Give a man a fish, he eats for a day.
Teach a man to fish, and you’ll have the weekends to yourself.
Recipes be like you’ll need an 1/8 tsp of this really hard to find item. Also, it’s gonna cost $125
H. P. Lovecraft implies the existence of H. P. Livecraft and H. P. Laughcraft
[Date]
Karen: “You okay?”
Ian: “I’m undressing you in my mind”
K: “Okay… you look confused!”
I: “I’ve never seen a bra strap like this”
Tried to pull up my sleeve and accidentally punched myself.
It’s okay, I’ve had it coming for some time now.
School crossing signs are bullshit, i’ve literally never seen a kid walking 20 mph
If I’m your lawyer, we’re in jail
Kids today don’t know how easy they have it.
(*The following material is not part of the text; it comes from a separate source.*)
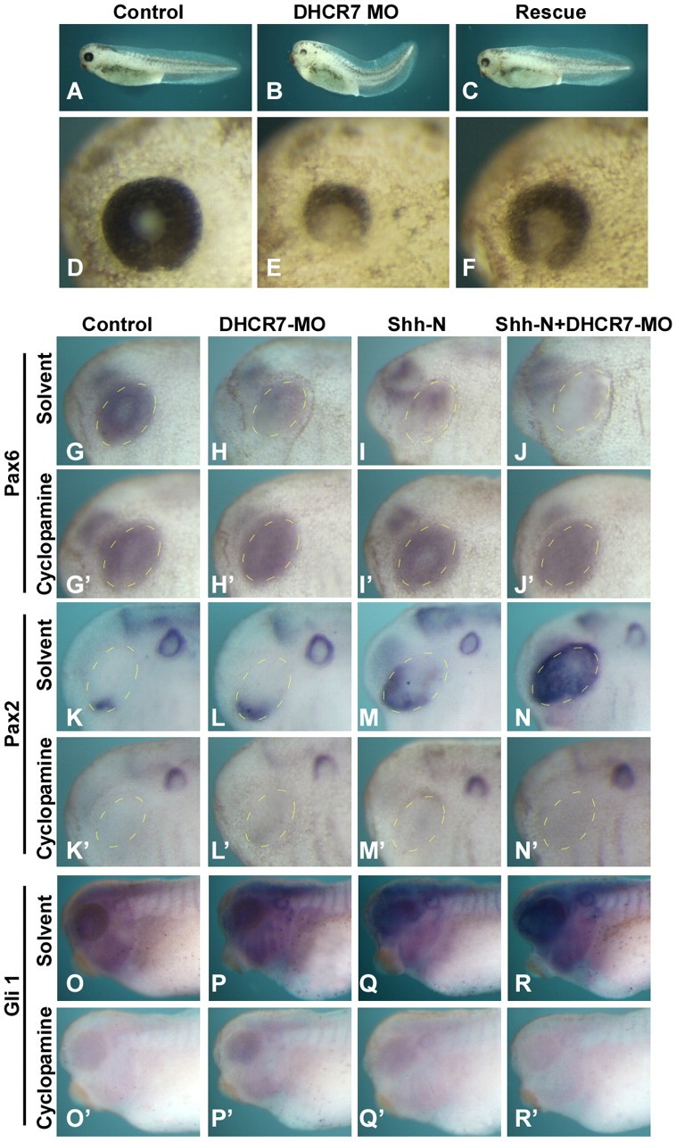 Fig. 4. Loss-of-DHCR7 affects cellular response toward Hh signaling in optic vesicle. (A-F) DHCR7 knockdown by MOs leads to eye defects. Four-cell stage Xenopus embryos were injected marginally in all four blastomeres with 5 ng of control MO (A,D), DHCR7 MOs (B,E) or DHCR7 MOs together with 125 pg of full-length DHCR7 rescue mRNA (C,F). Additional defects detected were in the heart and gut of the swimming tadpole stages (data not shown). (G-R) Loss of DHCR7 affects cellular response towards Hh signaling. Four-cell stage Xenopus embryos were injected with 20 ng of control MO (G,Gâ²,K,Kâ²,O,Oâ²), 20ng of DHCR7 MOs alone (H,Hâ²,L,Lâ²,P,Pâ²), 50 pg of Shh-N mRNA alone (I,Iâ²,M,Mâ²,Q,Qâ²) or 20 ng of DHCR7 MOs with 50 pg of Shh-N mRNA (J,Jâ²,N,Nâ²,R,Râ²). Knockdown of DHCR7 reduces Pax6 expression (G-J), expands the expression of Pax2 expression (K-N) and upregulates Gli1 expression (O-R). (Gâ²-Râ²) Continuously treatment of embryos with cyclopamine (100μ M) from the blastula stage blocks Hh signaling (G-J,K-N,O-R). Circled areas mark optic vesicles.

When I was young, I had to walk 9 feet through shag carpet to change the TV channel.
imagine your credit card gets declined at the hospital and they put your appendix back in
me: sorry this place is such a mess
her: it’s my house
I will not be participating in the end of daylight savings time on the grounds that setting my clock back will add an hour to 2020.
Maybe we should be focussing less on Goldilocks and more on why Mama and Papa bear don’t sleep in the same bed anymore.
I get out of awkward conversations by pulling a balloon out, making a dog and just say I need to take it for a walk.
I have one son that loves to refurbish cars. He doesn’t get it from me, I don’t even vacuum.
me: i just get the feeling ppl don’t like me, you understand, right?
therapist: no i totally get it
Anyone got any tips on how to conduct an exorcism, but like subtly?
I secretly hope that twitter keeps extending the character limit as a social experiment, slowly conditioning our attention spans until we’re able to read actual books again
Today there were a few deer in the backyard looking hungry so I tromped out there with a bucket of corn and the entire flock of turkeys came out of nowhere charging at me. It was quite unsettling but we’re all fine.
An enterprising neighborhood kid started a business to fill in all those grownup coloring books for us. I feel more relaxed already.